R ^{9 is} selected from the group consisting of C _r C ₄ fluorenyl, C ₃ -C ₆ cyclodecyl, C ₄ -C ₆ heterocycloalkyl, phenyl, C ₅ -C _{1 ()} heteroaryl, C ₃ -C ₆ ring Mercaptomethylene, C ₄ -C ₆ heterocycloalkylidene methylene, benzyl, methylamino, dimethylamino, ethylamino, diethylamino, dC ₄ fluorenyl, 3⁄4-0>cyclodecyl a C ₄ -C ₆ heterocyclic fluorenyl group is optionally substituted by one or more halogen, hydroxy, dC ₄ decyloxy groups, phenyl, phenyl group on benzyl, C ₅ -C _1Q heteroaryl group, optionally Substituted by one or more halogen, dC ₄ fluorenyl, dC ₄ decyloxy, halo-C ₄ fluorenyl, wherein the C ₅ -C _1Q heteroaryl includes pyrrolyl, pyrazolyl, imidazolyl, triazole Base, furyl, oxazolyl, thienyl, thiazolyl, benzimidazolyl, benzotriazole.
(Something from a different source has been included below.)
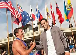 At the 2004 FINA World Swimming Championships (25 m) in Indianapolis, Pereira won the gold medal in the 200-meter individual medley with a time of 1:55.78, defeating Ryan Lochte[26] and breaking the South American record.[27] In the 4×100-meter freestyle, he won a silver medal[28] and he also won two bronze medals in the 100-meter individual medley[29] and 4×200-meter freestyle,[30] beating the South American record with a time of 7:06.64.[31]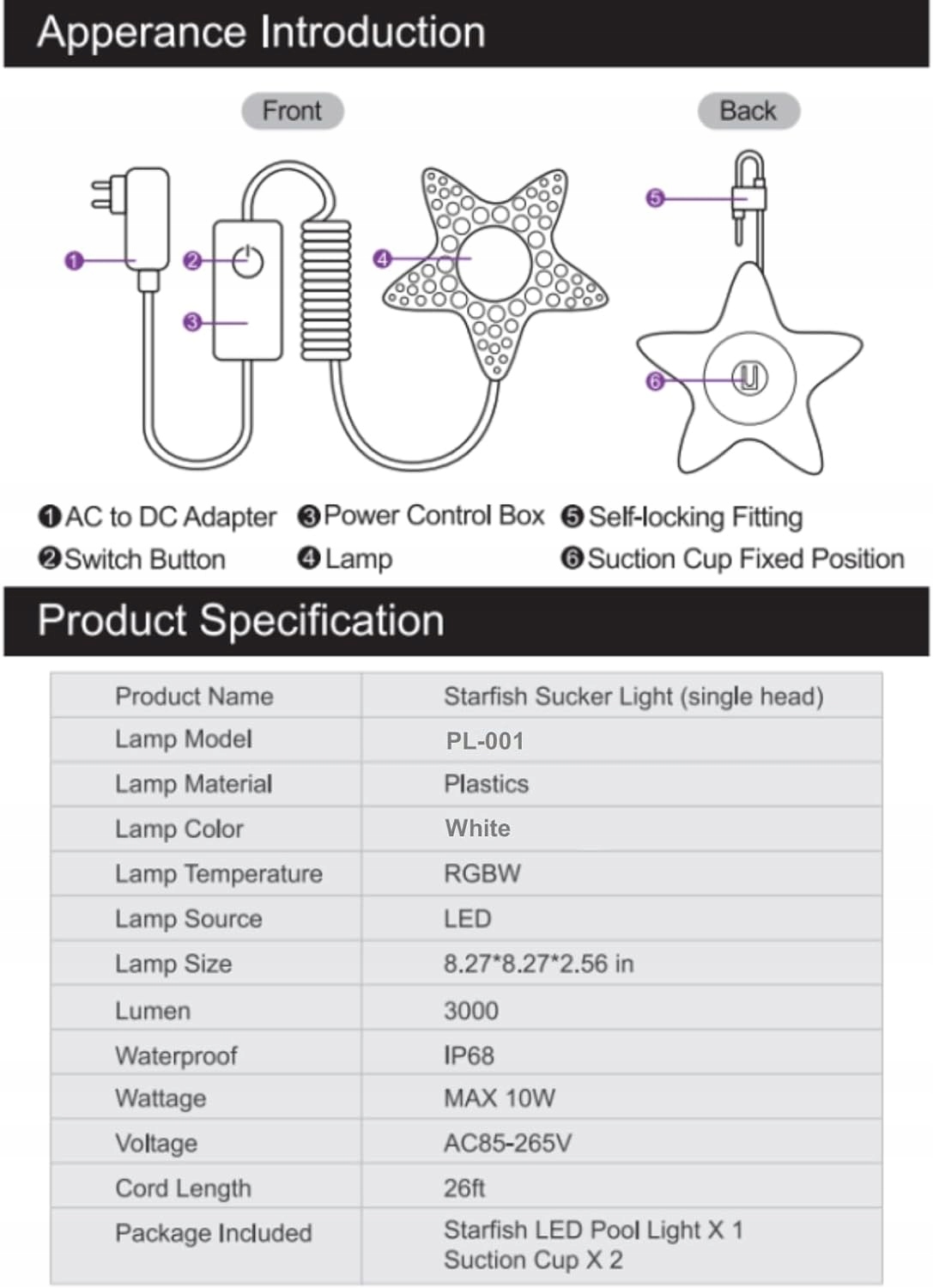 Інтелектуальний світлодіодний світильник для басейну у формі морської зірки

 The compound according to claim 3 or a pharmaceutically acceptable salt thereof, wherein

R ^{11 is} selected from the group consisting of hydrogen, methyl, ethyl, cyano, hydroxy, -CH ₂ F, CHF ₂ , CF ₃ or CH ₂ OH.
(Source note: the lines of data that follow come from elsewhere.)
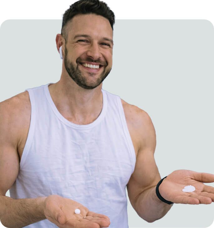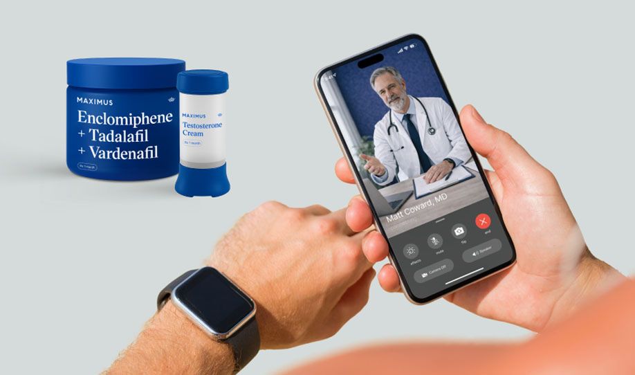 Enclomiphene, Tadalafil, and Vardenafil are taken as a daily pill. Testosterone cream is applied once daily to areas with thin skin—such as the inner arms, wrists, lateral abdomen, inner thighs, or scrotum. It's 1 pill and 1 application at the same time each day. Your Maximus clinician will confirm your exact dosing, timing, and application instructions.
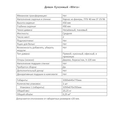 Кухонный диван Мята (Аквилон) – товар доступен к покупке в интернет-магазине dommebeli-v-petropavlovsk-kamchatskij.ru. Цена – 12 506 руб. без учета доставки. Стоимость дополнительных услуг и сроки получения мебели уточняйте у менеджера. Возможен безналичный расчет, оплата по карте на сайте.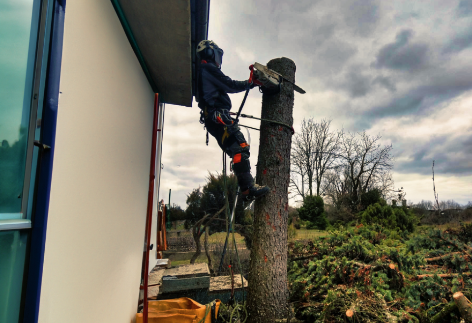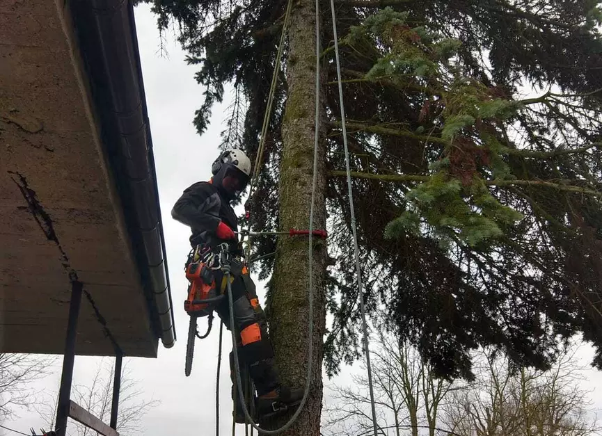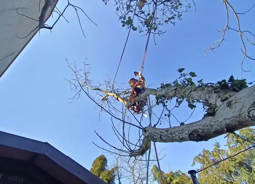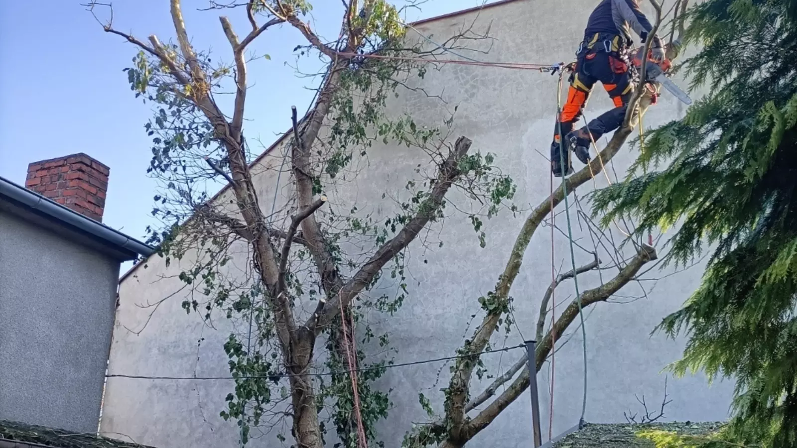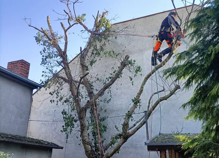 Prace wykonuję metodami linowymi, bez ciężkiego sprzętu, co pozwala działać bezpiecznie nawet w ciasnych ogrodach, przy budynkach i liniach energetycznych, minimalizując zniszczenia terenu.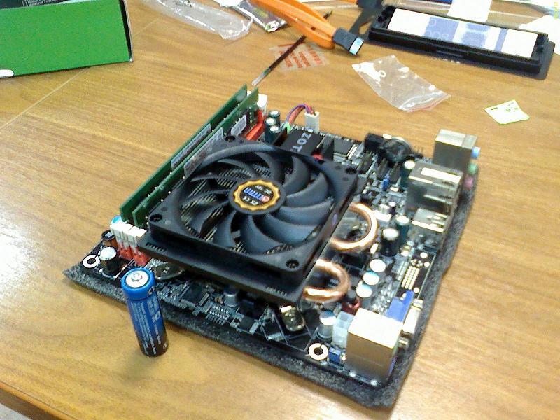 Материнка zotac 610i-ITX+ кулер Titan NK45TZ высота 45мм как у пальчиковой батарейки, причем поток воздуха выходя из радиатора процессора проходит сквозь радиатор чипсета.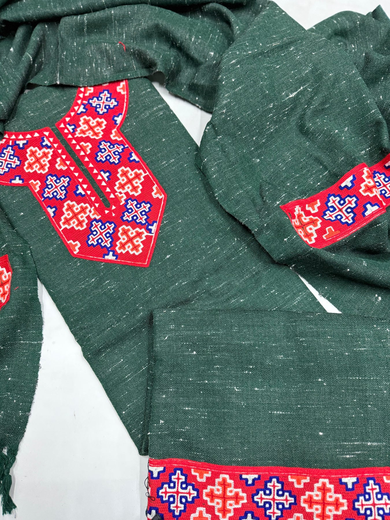 This Pure winter Kinnauri suit is handmade from high-quality fabrics, making it both durable and stylish. Its unique design offers maximum warmth in cold weather conditions, with timeless appeal. Crafted with care and attention by experts, this suit is a perfect choice when you need to dress with confidence for any occasion.

The compound according to claim 1 or a pharmaceutically acceptable salt thereof, wherein

 M is selected from CH or N;

R ^{8 is} selected from C ₄ -C ₈ heterocycloalkyl, dC ₆ fluorenyl, -COR ⁹ , C ₄ -C ₈ heterocycloalkyl, optionally substituted by R ¹² ; R ^{9 is} selected from C ₃ -C ₈ Cyclic sulfhydryl group;

R ^{12 is} selected from the group consisting of hydrogen and dC ₆ fluorenyl.

 0

The compound of claim 7 or a pharmaceutically acceptable salt thereof, wherein R ^{8 is} selected from

 The compound according to any one of claims 1, 2, 7 or 8, or a pharmaceutically acceptable salt thereof, wherein

R ^{2 is} selected from a methyl group; R ^{3 is} selected from the group consisting of hydrogen, methyl, hydroxymethyl;

R ^{4 is} selected from cyclopropyl;

R ^{5 is} selected from hydrogen or fluorine;

 X, Y, Z, Q are independently selected from CH;

 D, G are independently selected from CH or N, but D and G are different at the same time? .

 A pharmaceutical composition comprising a therapeutically effective amount of a compound according to any one of claims 1 to 10, or a pharmaceutically acceptable salt thereof, and a pharmaceutically acceptable excipient or diluent.

 Use of a compound according to any one of claims 1 to 10, or a pharmaceutically acceptable salt thereof, for the manufacture of a medicament for the treatment of an inflammatory and/or autoimmune disorder.

 13. The use of claim 12, wherein the inflammatory condition is rheumatoid arthritis.